WHAT YOU WILL DO: Using the listing below, set down exactly the lines from the one that contains "The Halfden king-size" through the one that contains "最新·2003-2020年全国高铁线路、列车和开通时间面板数据(常用学术研究)", with no pictures.

(EXERCISE DATA begins)

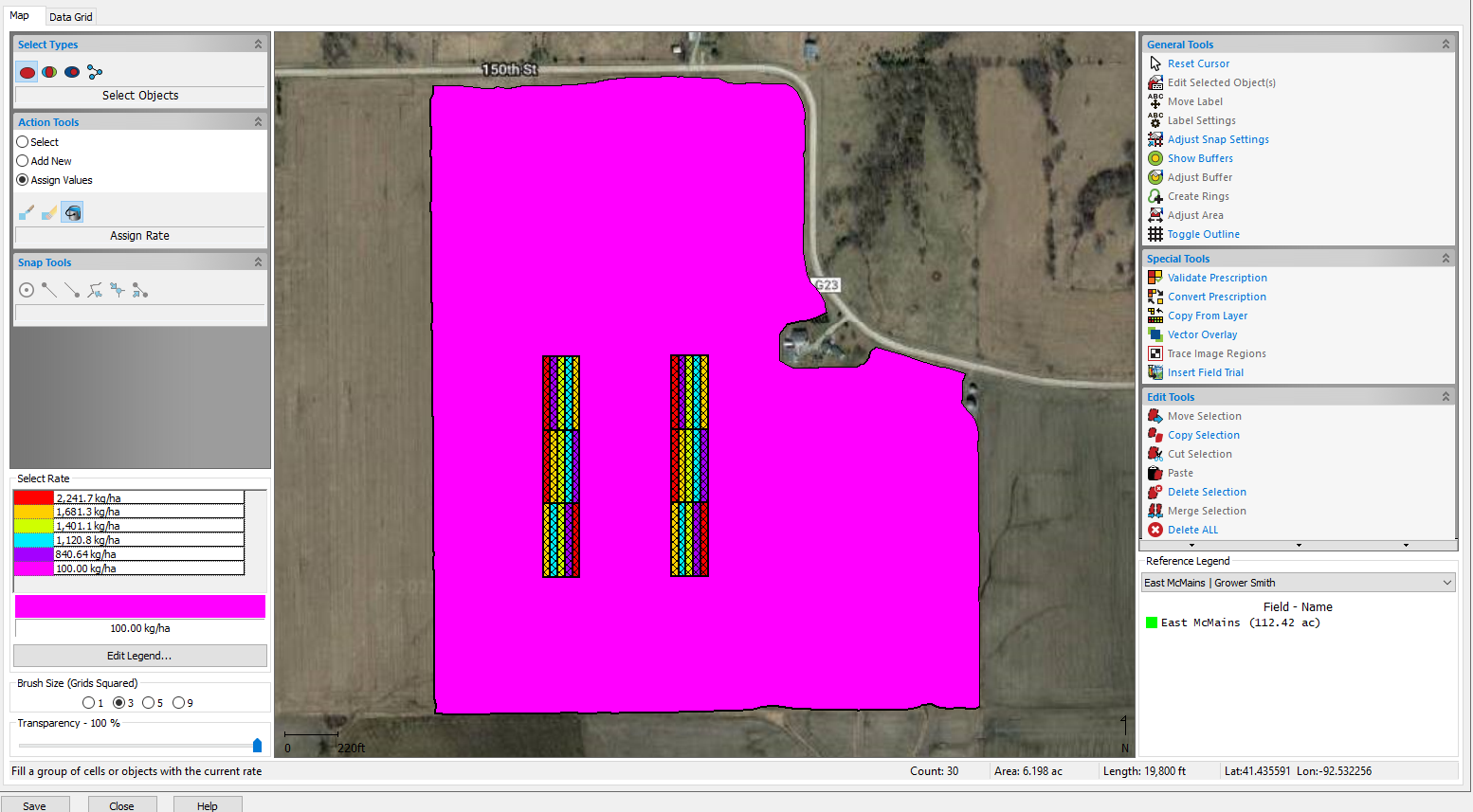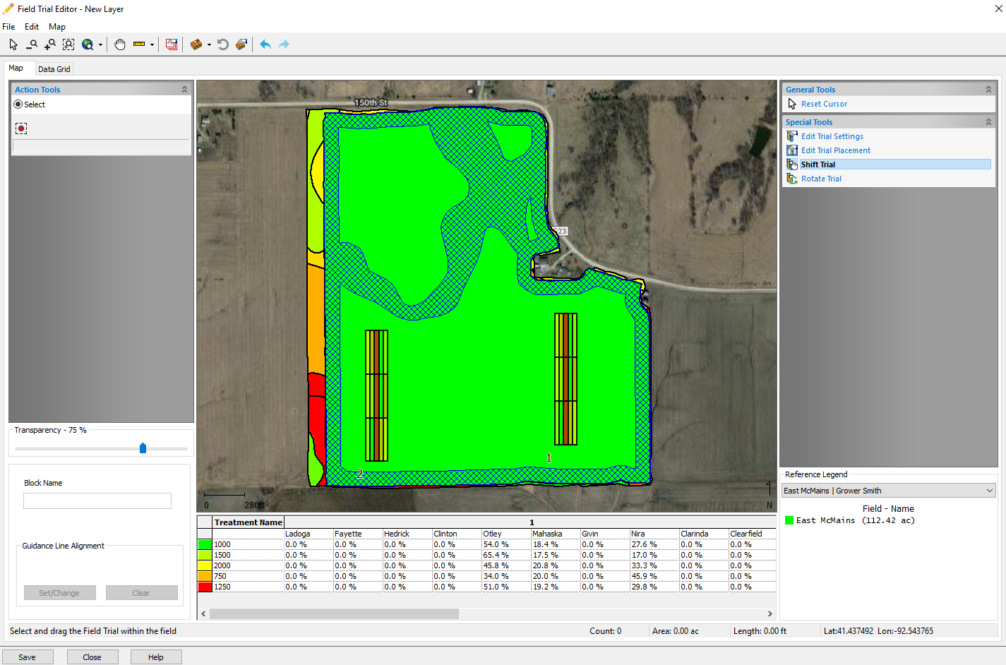Click Finish and the Field Trial Editor window will now open. The grid at the bottom will display the treatment name and soil survey properties.
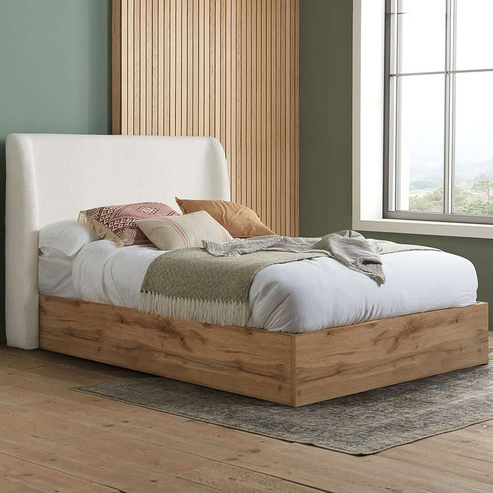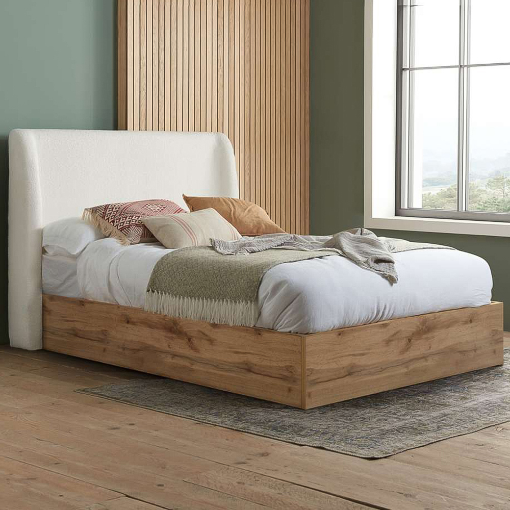 The Halfden king-size ottoman bed frame, a stylish addition to any bedroom, blends modern elegance with practicality. Its luxurious, soft-touch boucle© headboard complements its robust wooden structure. The sprung slatted base naturally conforms to your body, enhancing comfort. Offering ample under-bed storage, easily accessed via a hydraulic lift mechanism, this frame provides a neat storage solution. The Halfden supports a maximum weight of 150kg.
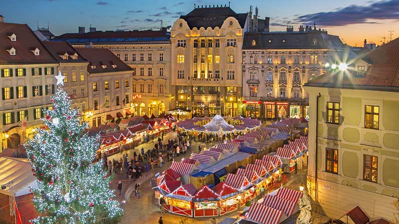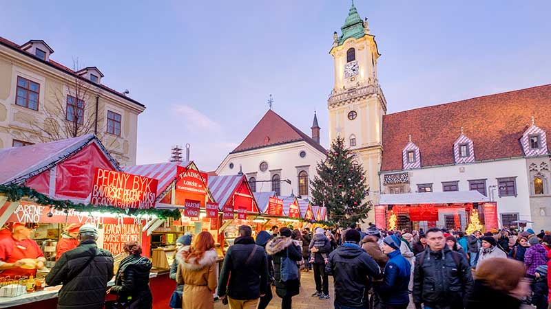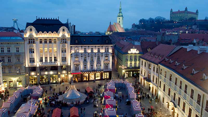 Julemarkedet i Bratislava ligger på torget midt i gamlebyen. Her kan du smake på tradisjonell slovakisk mat og drikke, og finne unike julegaver. Det er også et mindre marked på plassen foran Bratislavsky Hrad. Vi tilbringer en hyggelig dag i Bratislava og kan utforske byen i vårt eget tempo.
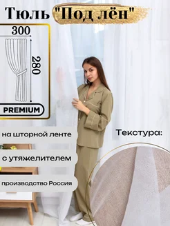 Тюль под лён 300х280 в гостиную и спальню длинная
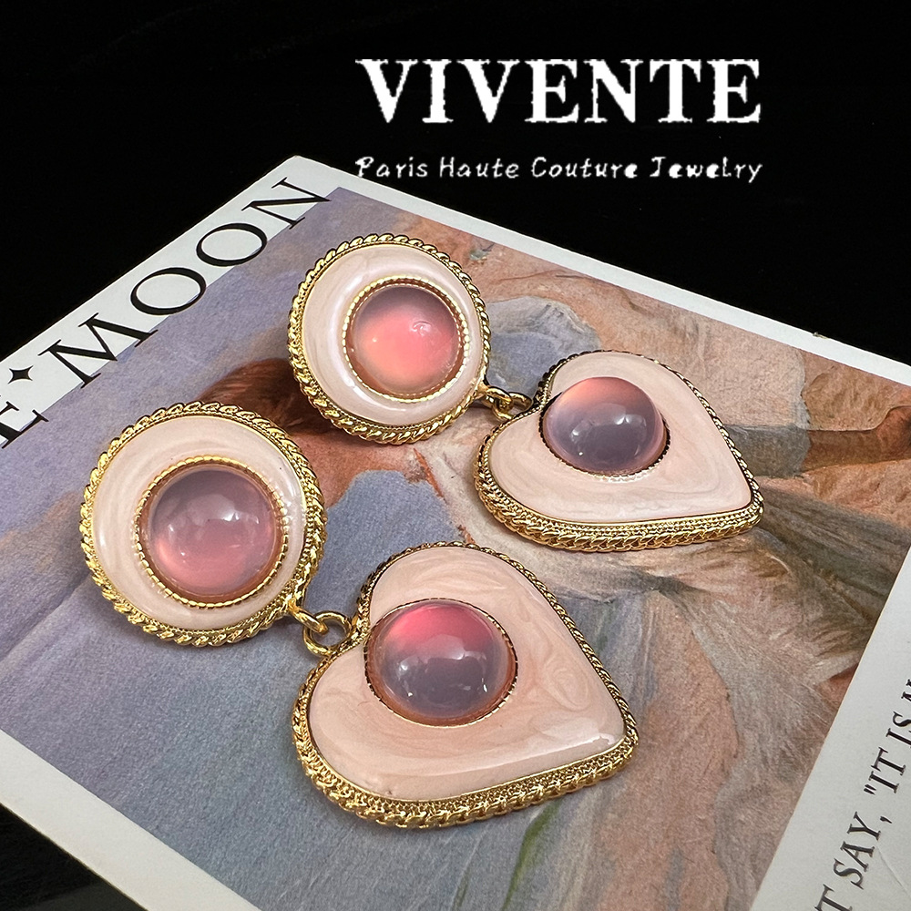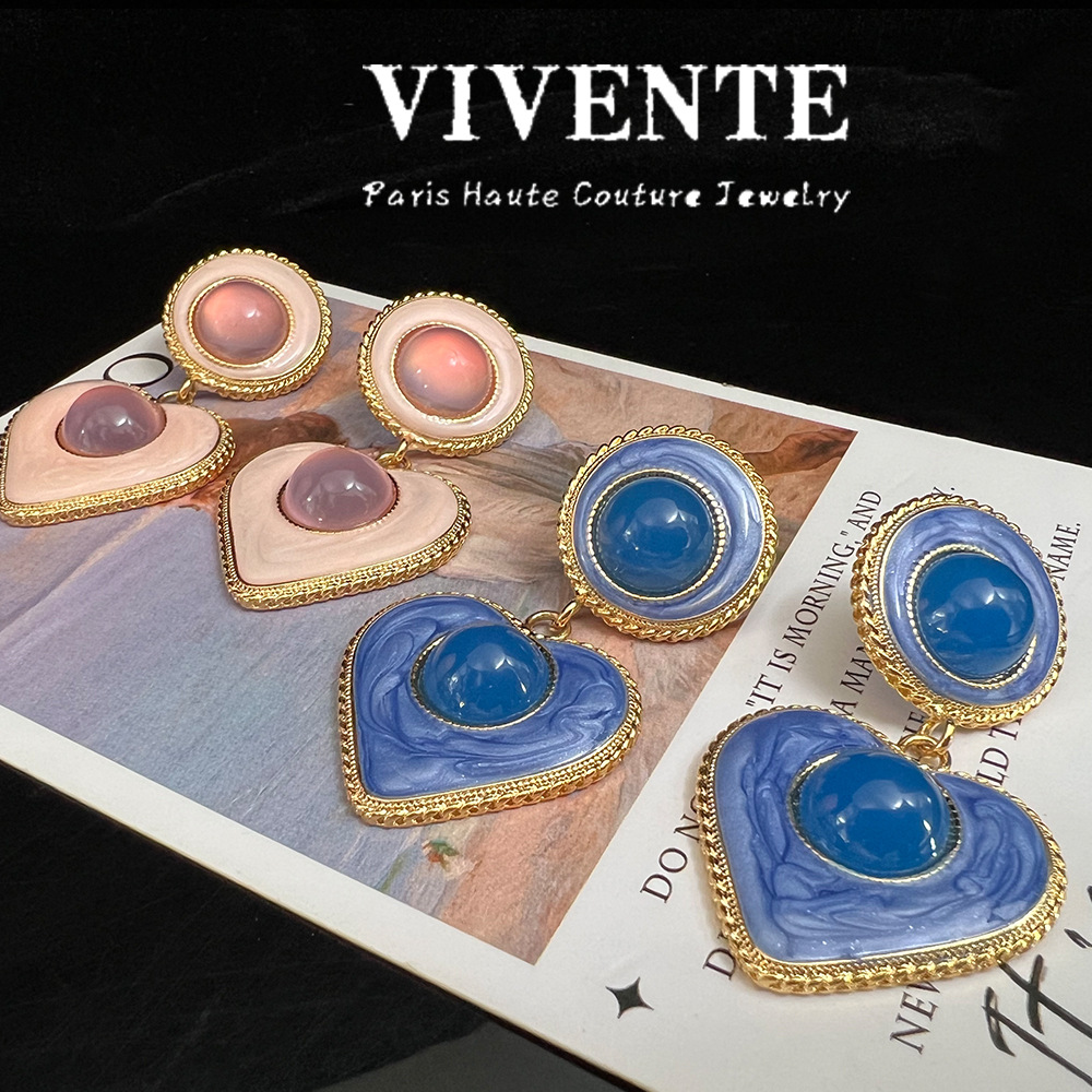 中古风耳饰 高级感爱心炫彩珐琅琉璃镀真金vintage复古新中式耳环
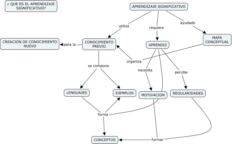 Este mapa conceptual tiene información relacionada a: mapa individual, APRENDIZAJE SIGNIFICATIVO utiliza CONOCIMIENTO PREVIO, REGULARIDADES formar CONCEPTOS, APRENDIZ necesita MOTIVACION, CONOCIMIENTO PREVIO se compone LENGUAJES, APRENDIZ forma EJEMPLOS, CONOCIMIENTO PREVIO para la CREACION DE CONOCIMIENTO NUEVO, APRENDIZ percibe REGULARIDADES, APRENDIZAJE SIGNIFICATIVO requiere APRENDIZ, MOTIVACION formar CONCEPTOS, APRENDIZ forma CONCEPTOS
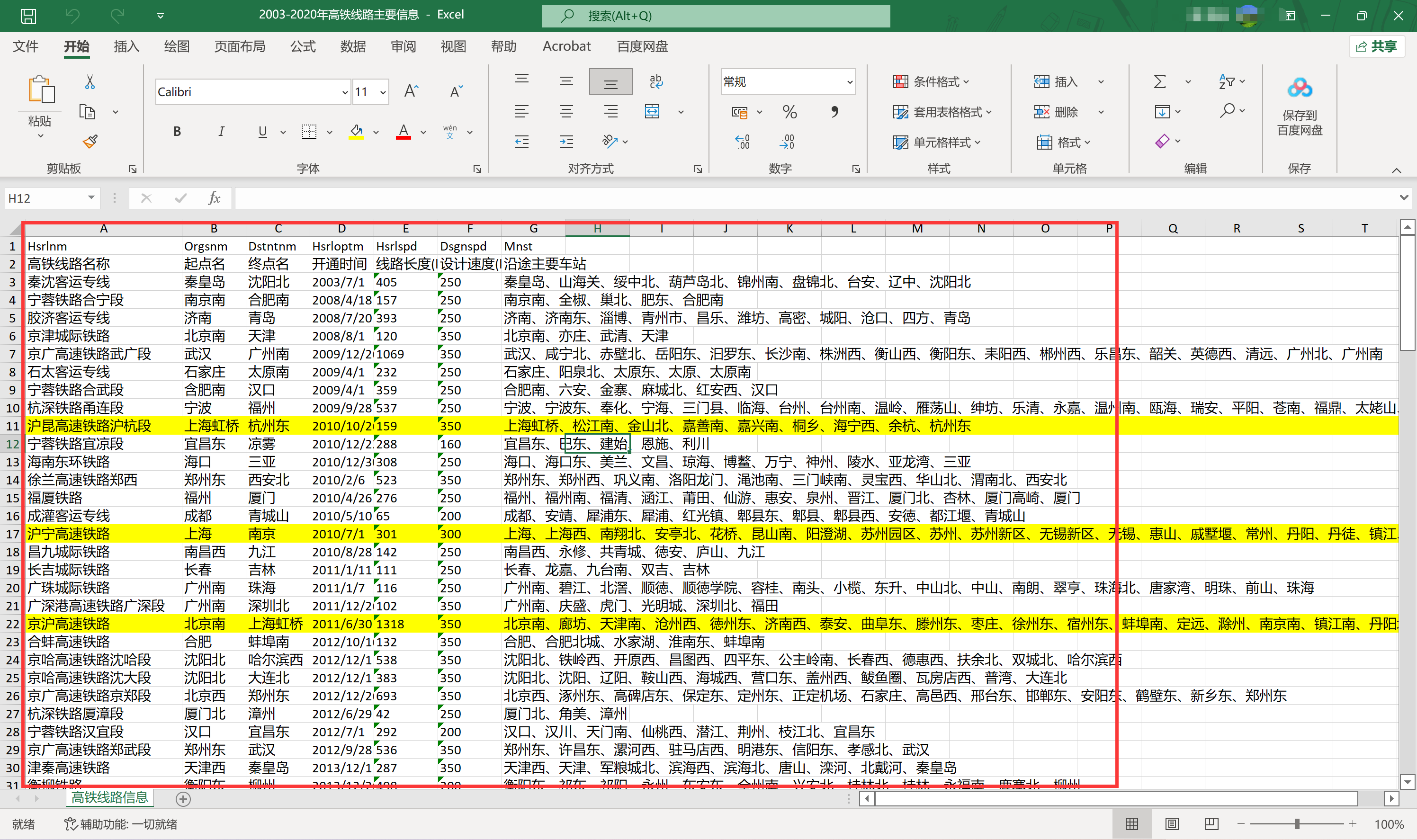 最新·2003-2020年全国高铁线路、列车和开通时间面板数据(常用学术研究)
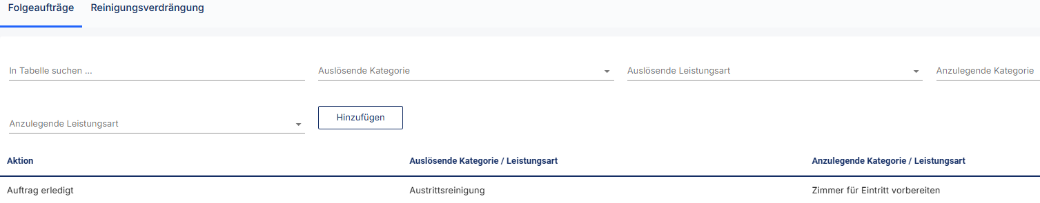 Im zweiten Teil wird eingestellt, was als Folgeauftrag ausgelöst werden soll. Hier wird definiert, welche Reinigungskategorie oder welche Leistungsart im Folgeauftrag enthalten sein muss.

(EXERCISE DATA ends)

RESULT OF THIS EXERCISE:
 The Halfden king-size ottoman bed frame, a stylish addition to any bedroom, blends modern elegance with practicality. Its luxurious, soft-touch boucle© headboard complements its robust wooden structure. The sprung slatted base naturally conforms to your body, enhancing comfort. Offering ample under-bed storage, easily accessed via a hydraulic lift mechanism, this frame provides a neat storage solution. The Halfden supports a maximum weight of 150kg.
 Julemarkedet i Bratislava ligger på torget midt i gamlebyen. Her kan du smake på tradisjonell slovakisk mat og drikke, og finne unike julegaver. Det er også et mindre marked på plassen foran Bratislavsky Hrad. Vi tilbringer en hyggelig dag i Bratislava og kan utforske byen i vårt eget tempo.
 Тюль под лён 300х280 в гостиную и спальню длинная
 中古风耳饰 高级感爱心炫彩珐琅琉璃镀真金vintage复古新中式耳环
 Este mapa conceptual tiene información relacionada a: mapa individual, APRENDIZAJE SIGNIFICATIVO utiliza CONOCIMIENTO PREVIO, REGULARIDADES formar CONCEPTOS, APRENDIZ necesita MOTIVACION, CONOCIMIENTO PREVIO se compone LENGUAJES, APRENDIZ forma EJEMPLOS, CONOCIMIENTO PREVIO para la CREACION DE CONOCIMIENTO NUEVO, APRENDIZ percibe REGULARIDADES, APRENDIZAJE SIGNIFICATIVO requiere APRENDIZ, MOTIVACION formar CONCEPTOS, APRENDIZ forma CONCEPTOS
 最新·2003-2020年全国高铁线路、列车和开通时间面板数据(常用学术研究)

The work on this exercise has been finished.